#### [TASK DETAILS]
Repeat the line that contains "Trên xe có khoảng" exactly, along with each following line up to and including the last line of the entries.

[Dataset records]
= Beginning of Section =

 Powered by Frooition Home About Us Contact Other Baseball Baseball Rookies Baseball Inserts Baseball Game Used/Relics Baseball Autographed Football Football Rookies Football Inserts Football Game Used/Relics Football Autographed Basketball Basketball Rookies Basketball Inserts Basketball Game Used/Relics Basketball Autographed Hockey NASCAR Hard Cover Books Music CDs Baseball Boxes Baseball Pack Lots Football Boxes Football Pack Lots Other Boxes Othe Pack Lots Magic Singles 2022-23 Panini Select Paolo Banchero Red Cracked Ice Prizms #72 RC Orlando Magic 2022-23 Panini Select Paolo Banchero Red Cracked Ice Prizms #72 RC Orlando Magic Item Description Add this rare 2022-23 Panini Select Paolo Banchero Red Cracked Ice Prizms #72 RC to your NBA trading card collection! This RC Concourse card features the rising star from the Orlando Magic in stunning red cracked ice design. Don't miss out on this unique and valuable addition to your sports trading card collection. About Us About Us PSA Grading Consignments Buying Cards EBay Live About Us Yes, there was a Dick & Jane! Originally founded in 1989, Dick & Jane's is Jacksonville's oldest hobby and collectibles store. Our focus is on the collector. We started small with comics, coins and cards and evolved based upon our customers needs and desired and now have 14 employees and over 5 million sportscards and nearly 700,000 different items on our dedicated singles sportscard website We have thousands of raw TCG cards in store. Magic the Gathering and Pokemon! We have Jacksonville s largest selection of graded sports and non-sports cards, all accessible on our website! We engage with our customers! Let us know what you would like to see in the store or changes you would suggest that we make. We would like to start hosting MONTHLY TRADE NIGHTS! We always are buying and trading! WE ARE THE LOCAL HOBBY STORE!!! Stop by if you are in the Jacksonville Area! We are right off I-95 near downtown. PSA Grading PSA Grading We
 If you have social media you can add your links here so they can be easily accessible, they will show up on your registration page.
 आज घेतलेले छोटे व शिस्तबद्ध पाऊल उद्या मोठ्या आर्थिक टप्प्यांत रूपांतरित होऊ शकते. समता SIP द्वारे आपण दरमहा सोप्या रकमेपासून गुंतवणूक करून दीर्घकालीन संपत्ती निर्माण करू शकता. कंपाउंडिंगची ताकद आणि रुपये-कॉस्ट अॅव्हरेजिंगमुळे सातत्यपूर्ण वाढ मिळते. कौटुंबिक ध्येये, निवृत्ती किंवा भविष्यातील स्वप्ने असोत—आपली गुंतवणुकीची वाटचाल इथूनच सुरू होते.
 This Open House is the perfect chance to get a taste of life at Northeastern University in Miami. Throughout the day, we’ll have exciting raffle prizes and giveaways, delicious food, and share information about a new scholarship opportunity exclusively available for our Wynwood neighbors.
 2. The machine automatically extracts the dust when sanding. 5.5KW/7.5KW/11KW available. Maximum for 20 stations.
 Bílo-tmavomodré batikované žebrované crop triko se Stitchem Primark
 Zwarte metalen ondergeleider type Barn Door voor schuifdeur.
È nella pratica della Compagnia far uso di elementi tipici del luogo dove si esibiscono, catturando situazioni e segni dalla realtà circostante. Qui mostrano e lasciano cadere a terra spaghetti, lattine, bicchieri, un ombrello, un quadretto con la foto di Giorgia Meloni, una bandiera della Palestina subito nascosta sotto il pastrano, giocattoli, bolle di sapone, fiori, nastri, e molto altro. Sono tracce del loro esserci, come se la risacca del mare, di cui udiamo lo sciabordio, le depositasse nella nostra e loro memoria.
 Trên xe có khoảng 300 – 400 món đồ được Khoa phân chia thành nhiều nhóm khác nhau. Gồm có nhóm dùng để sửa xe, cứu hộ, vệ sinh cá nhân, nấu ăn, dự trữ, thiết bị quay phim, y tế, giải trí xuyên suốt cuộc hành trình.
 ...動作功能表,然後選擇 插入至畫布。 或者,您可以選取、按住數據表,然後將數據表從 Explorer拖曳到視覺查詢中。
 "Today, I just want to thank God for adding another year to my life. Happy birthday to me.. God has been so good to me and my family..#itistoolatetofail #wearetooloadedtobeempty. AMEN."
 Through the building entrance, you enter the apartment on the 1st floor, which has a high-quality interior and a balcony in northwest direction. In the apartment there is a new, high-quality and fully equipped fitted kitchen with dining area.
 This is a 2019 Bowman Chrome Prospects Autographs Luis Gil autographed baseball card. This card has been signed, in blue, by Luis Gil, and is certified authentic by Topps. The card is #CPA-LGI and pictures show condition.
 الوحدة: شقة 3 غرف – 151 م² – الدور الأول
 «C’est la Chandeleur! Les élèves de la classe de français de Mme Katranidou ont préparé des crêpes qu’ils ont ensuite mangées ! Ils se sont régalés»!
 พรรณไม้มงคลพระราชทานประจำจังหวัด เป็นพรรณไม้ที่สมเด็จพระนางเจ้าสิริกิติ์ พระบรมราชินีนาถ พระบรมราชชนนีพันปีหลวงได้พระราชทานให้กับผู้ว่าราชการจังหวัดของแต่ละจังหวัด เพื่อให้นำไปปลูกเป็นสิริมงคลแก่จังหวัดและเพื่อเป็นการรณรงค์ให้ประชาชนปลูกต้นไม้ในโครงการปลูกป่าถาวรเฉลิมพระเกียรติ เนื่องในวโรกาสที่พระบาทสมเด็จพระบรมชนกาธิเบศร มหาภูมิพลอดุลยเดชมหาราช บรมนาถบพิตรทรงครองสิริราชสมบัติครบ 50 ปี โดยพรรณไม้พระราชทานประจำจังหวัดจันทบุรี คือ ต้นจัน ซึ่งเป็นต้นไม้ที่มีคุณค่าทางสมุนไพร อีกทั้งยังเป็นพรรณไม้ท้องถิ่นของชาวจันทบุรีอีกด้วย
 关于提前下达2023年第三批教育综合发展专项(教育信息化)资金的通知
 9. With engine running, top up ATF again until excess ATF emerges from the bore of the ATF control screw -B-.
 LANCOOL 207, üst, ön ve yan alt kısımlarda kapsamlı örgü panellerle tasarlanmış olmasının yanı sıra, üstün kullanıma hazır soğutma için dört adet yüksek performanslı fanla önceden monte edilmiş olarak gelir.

= End of Section =

#### [EXPECTED OUTPUT]
 Trên xe có khoảng 300 – 400 món đồ được Khoa phân chia thành nhiều nhóm khác nhau. Gồm có nhóm dùng để sửa xe, cứu hộ, vệ sinh cá nhân, nấu ăn, dự trữ, thiết bị quay phim, y tế, giải trí xuyên suốt cuộc hành trình.
 ...動作功能表,然後選擇 插入至畫布。 或者,您可以選取、按住數據表,然後將數據表從 Explorer拖曳到視覺查詢中。
 "Today, I just want to thank God for adding another year to my life. Happy birthday to me.. God has been so good to me and my family..#itistoolatetofail #wearetooloadedtobeempty. AMEN."
 Through the building entrance, you enter the apartment on the 1st floor, which has a high-quality interior and a balcony in northwest direction. In the apartment there is a new, high-quality and fully equipped fitted kitchen with dining area.
 This is a 2019 Bowman Chrome Prospects Autographs Luis Gil autographed baseball card. This card has been signed, in blue, by Luis Gil, and is certified authentic by Topps. The card is #CPA-LGI and pictures show condition.
 الوحدة: شقة 3 غرف – 151 م² – الدور الأول
 «C’est la Chandeleur! Les élèves de la classe de français de Mme Katranidou ont préparé des crêpes qu’ils ont ensuite mangées ! Ils se sont régalés»!
 พรรณไม้มงคลพระราชทานประจำจังหวัด เป็นพรรณไม้ที่สมเด็จพระนางเจ้าสิริกิติ์ พระบรมราชินีนาถ พระบรมราชชนนีพันปีหลวงได้พระราชทานให้กับผู้ว่าราชการจังหวัดของแต่ละจังหวัด เพื่อให้นำไปปลูกเป็นสิริมงคลแก่จังหวัดและเพื่อเป็นการรณรงค์ให้ประชาชนปลูกต้นไม้ในโครงการปลูกป่าถาวรเฉลิมพระเกียรติ เนื่องในวโรกาสที่พระบาทสมเด็จพระบรมชนกาธิเบศร มหาภูมิพลอดุลยเดชมหาราช บรมนาถบพิตรทรงครองสิริราชสมบัติครบ 50 ปี โดยพรรณไม้พระราชทานประจำจังหวัดจันทบุรี คือ ต้นจัน ซึ่งเป็นต้นไม้ที่มีคุณค่าทางสมุนไพร อีกทั้งยังเป็นพรรณไม้ท้องถิ่นของชาวจันทบุรีอีกด้วย
 关于提前下达2023年第三批教育综合发展专项(教育信息化)资金的通知
 9. With engine running, top up ATF again until excess ATF emerges from the bore of the ATF control screw -B-.
 LANCOOL 207, üst, ön ve yan alt kısımlarda kapsamlı örgü panellerle tasarlanmış olmasının yanı sıra, üstün kullanıma hazır soğutma için dört adet yüksek performanslı fanla önceden monte edilmiş olarak gelir.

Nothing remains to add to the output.